** THE DATA follows **

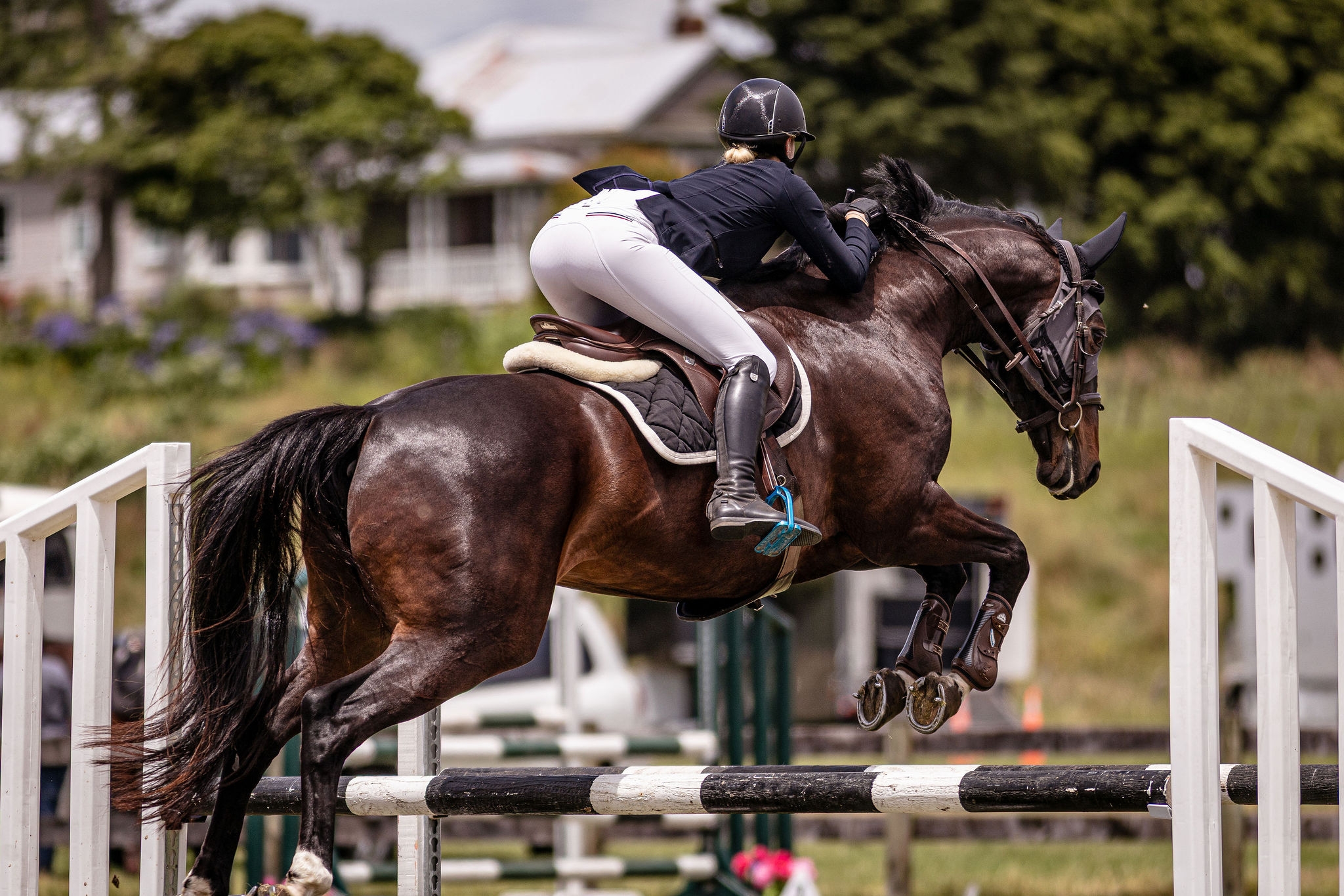 Competed mainly in show jumping as that is my thing. Competed up to 1.10m and schooling 1.15m at home. Although only competed in show jumping he has done some XC schooling and is established on the flat.
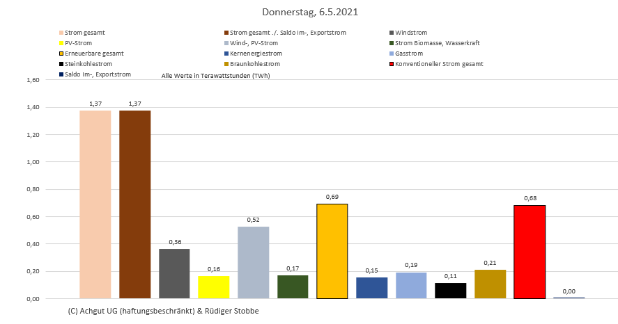 Donnerstag, 6.5.2021: Anteil erneuerbare Energieträger an der Gesamtstromerzeugung 50,47 Prozent, davon Windstrom 26,28 Prozent, Solarstrom 11,94 Prozent, Strom Biomasse/Wasserkraft 12,25 Prozent. Stromdateninfo Tagesvergleich ab 2016. Die Agora-Chartmatrix: Hier klicken.
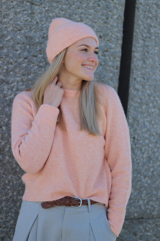 Genseren har rund hals og er kort i modellen som også gjør den fin til skjørt og høytlivsbukser. Eller over en skjorte.
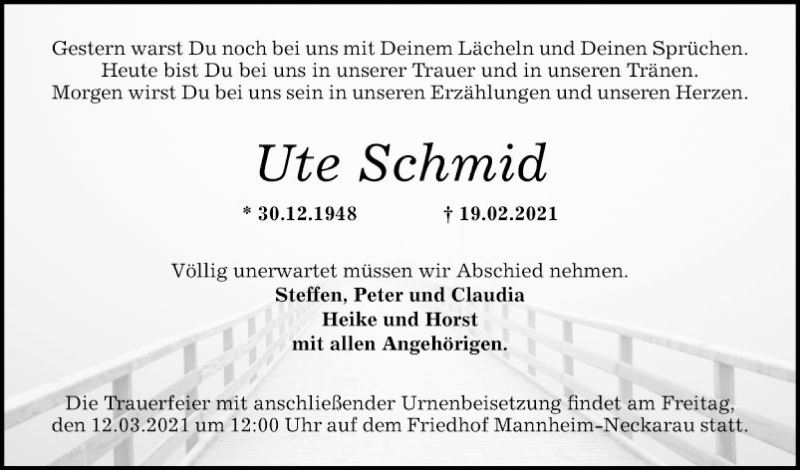 Hier finden Sie alle Traueranzeigen aus der Zeitung, die bisher für Ute Schmid erschienen sind. Weitere Traueranzeigen, die in der Zeitung erscheinen, werden hier ebenfalls aufgelistet
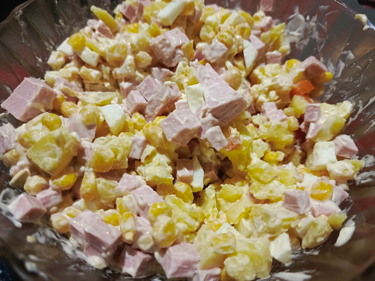 Вареные яйца, морковь и картофель нарезаем кубиками. Отправляем в салатник. Туда же добавляем ветчину, также порезанную кубиками. Добавляем кукурузу, немного зеленого или репчатого лукк и майонез. Все перемешиваем.
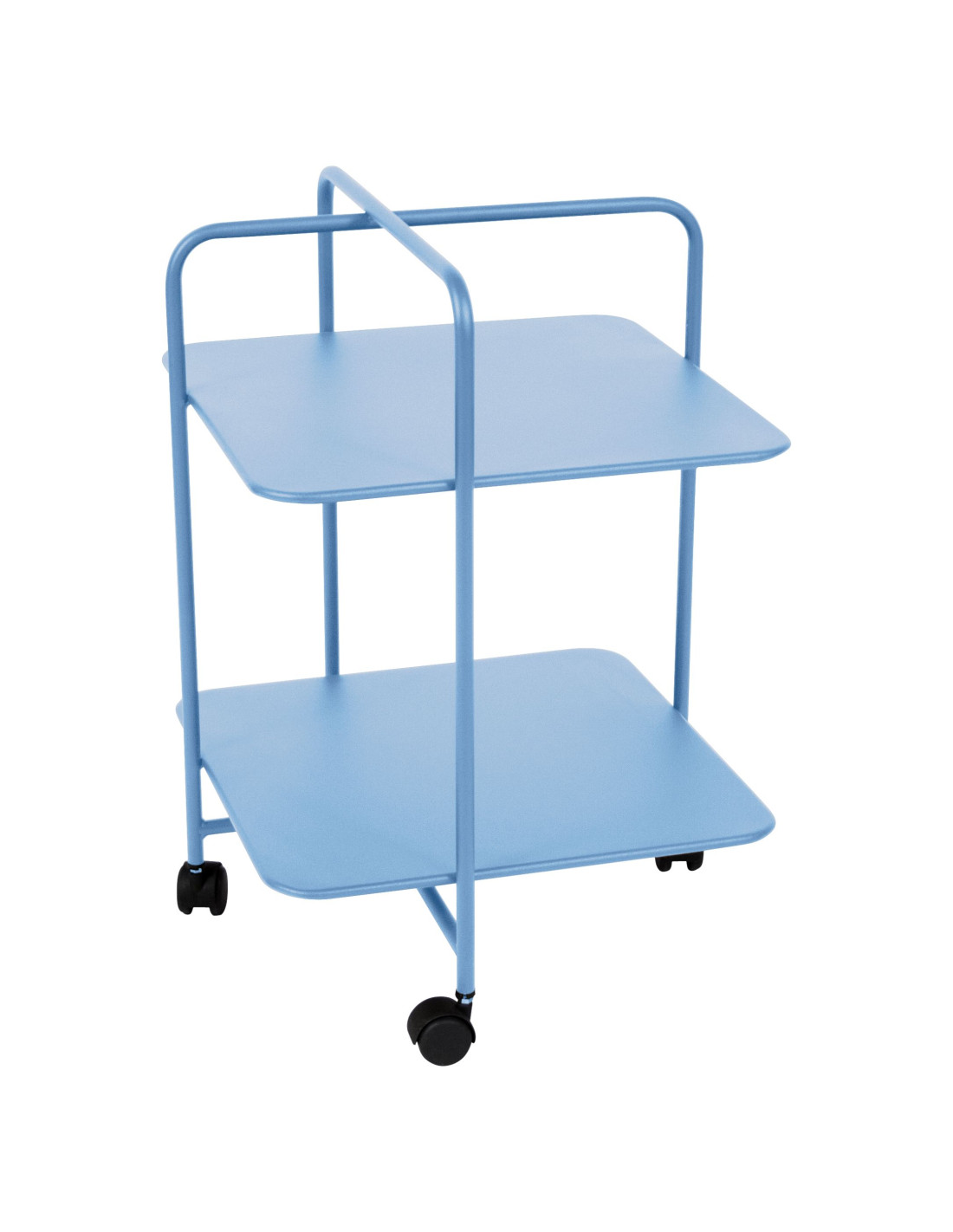 The Alfred table boasts an attractive, asymmetrical design – not surprising when you consider that it is the work of Pascal Mourgue, a designer whose relationship with Fermob goes back a long way and which won the Grand Prix de la Création. This easily portable furniture fits into every corner of the house or garden. Just imagine how good it will look! With a clean look inspired by the 1950s, the table is easy to move thanks to the handle and integrated wheels. It's a versatile piece of small furniture that you can use to store (and transport) plates, magazines, or plants, and that can function as a side bar in the office or on the patio, or even as a minibar. This metal table is suitable for both indoor and outdoor use, as it is specially treated to withstand adverse weather conditions.

** End of THE DATA **

WHAT IS NEEDED:
Leaving all pictures out, output exactly the lines of the material above from the line with "Hier finden Sie" to the line with "Вареные яйца, морковь", both included.

OUTPUT:
 Hier finden Sie alle Traueranzeigen aus der Zeitung, die bisher für Ute Schmid erschienen sind. Weitere Traueranzeigen, die in der Zeitung erscheinen, werden hier ebenfalls aufgelistet
 Вареные яйца, морковь и картофель нарезаем кубиками. Отправляем в салатник. Туда же добавляем ветчину, также порезанную кубиками. Добавляем кукурузу, немного зеленого или репчатого лукк и майонез. Все перемешиваем.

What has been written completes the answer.